Silvio Van Look: "Op een dag bevonden we ons aan de Zandvlietsluis toen we een Russisch zeeschip, de Kapitan Onegi, zagen voorbijvaren vanuit de haven richting zee. Het slingerde heen en weer. Een probleem met het ballastwater, zo bleek later. We zetten onze zender aan, want we voelden aan dat er iets stond te gebeuren.
10 minuten later hoorden we dat de rivierloods het bevel had gegeven om het schip te verlaten. Hij zei dat hij zelf overboord zou springen. Dat heb ik in mijn hele loopbaan maar 1 keer gehoord. Het schip is dan gekapseisd op een zandbank.
Daarop sprongen we allemaal in onze meerbootjes om te hulp te snellen. We pikten Russische zeelui op die in het water rondzwommen, sommigen in hun pyjama. We brachten ze aan wal en op dat moment kwamen de Sea Kings van de basis in Koksijde al ter plaatse. Zij communiceerden waar we naartoe moesten varen en lieten ook een dokter neer.
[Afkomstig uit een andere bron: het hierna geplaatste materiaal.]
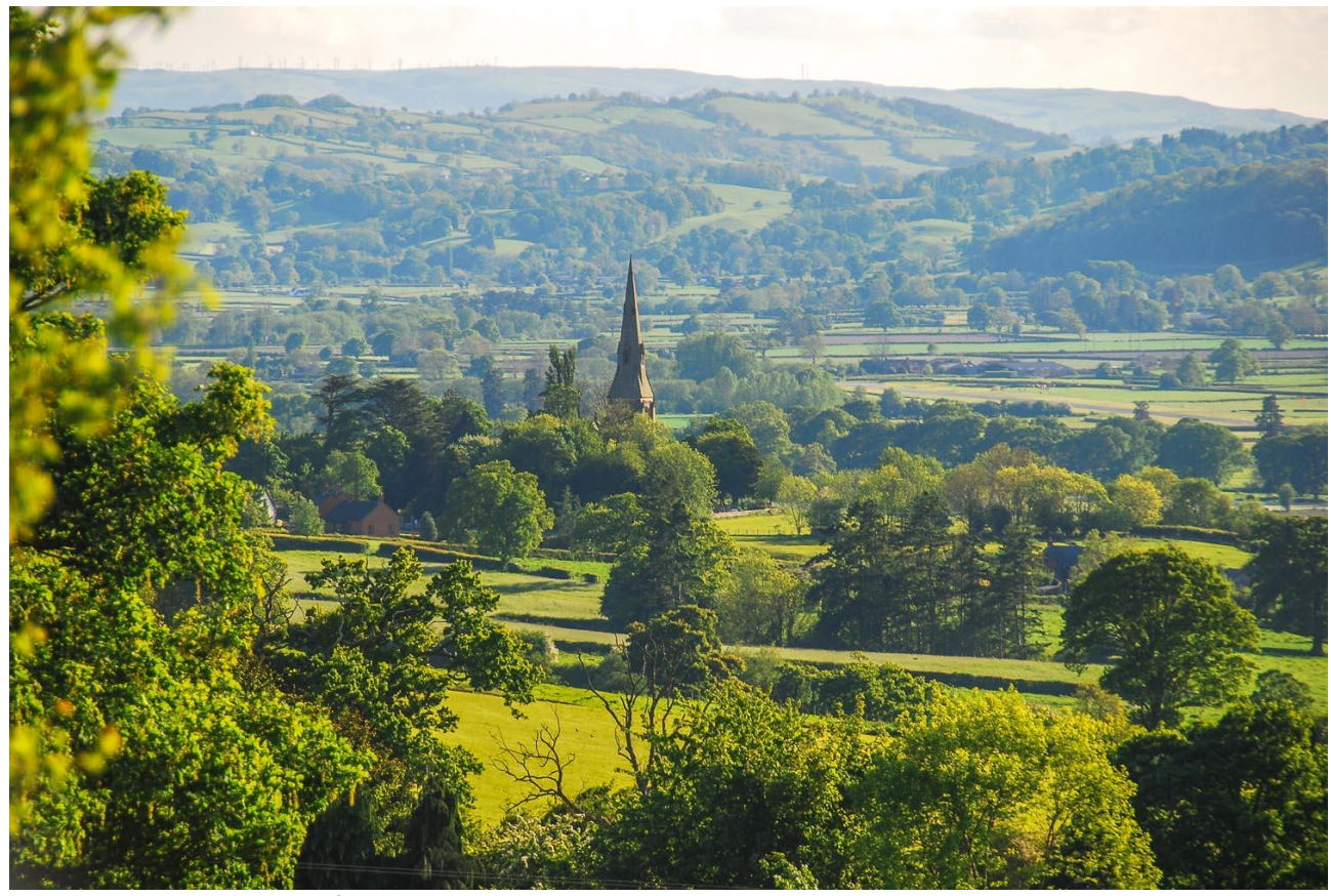
Leighton church spire forms a prominent local landmark near Welshpool
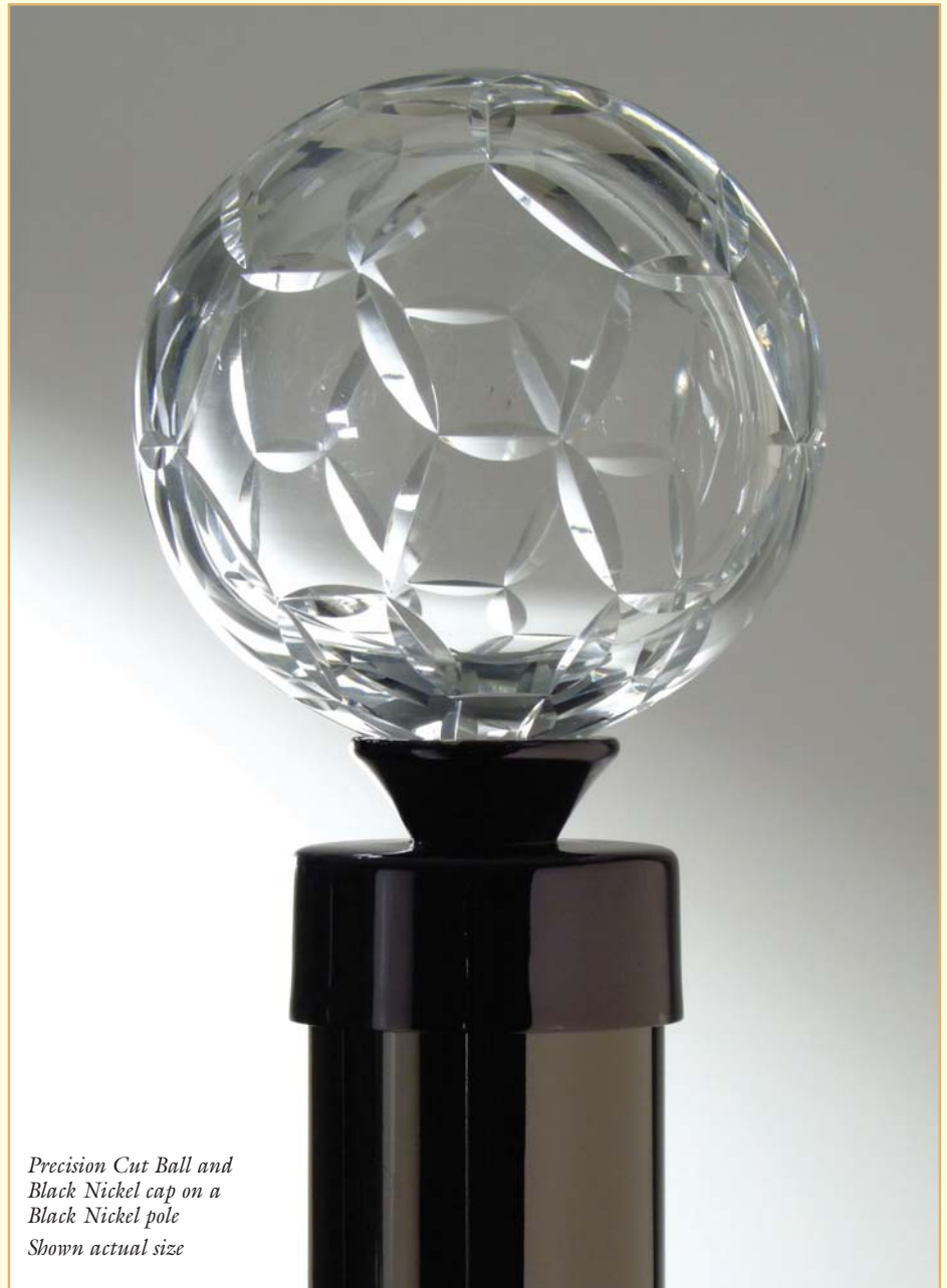
Precision Cut Ball and Black Nickel cap on a Black Nickel pole Shown actual size

Dat was ‘Windkracht 10’, maar dan in het echt!
Ons team aan wal vorderde een luxe-autocar, die toevallig aanwezig was voor een ministerieel bezoek aan de haven. Daarin werden alle opgeviste drenkelingen naar het ziekenhuis gebracht. Snel en lekker warm.
Dat was echt een heftige voormiddag met tal van acties en reacties. Iets wat in principe niets met ons werk te maken heeft, maar om nooit te vergeten. Het lukte, gewoon omdat wij er waren, alles goed inschatten en alert reageerden. Iedereen overleefde de ramp."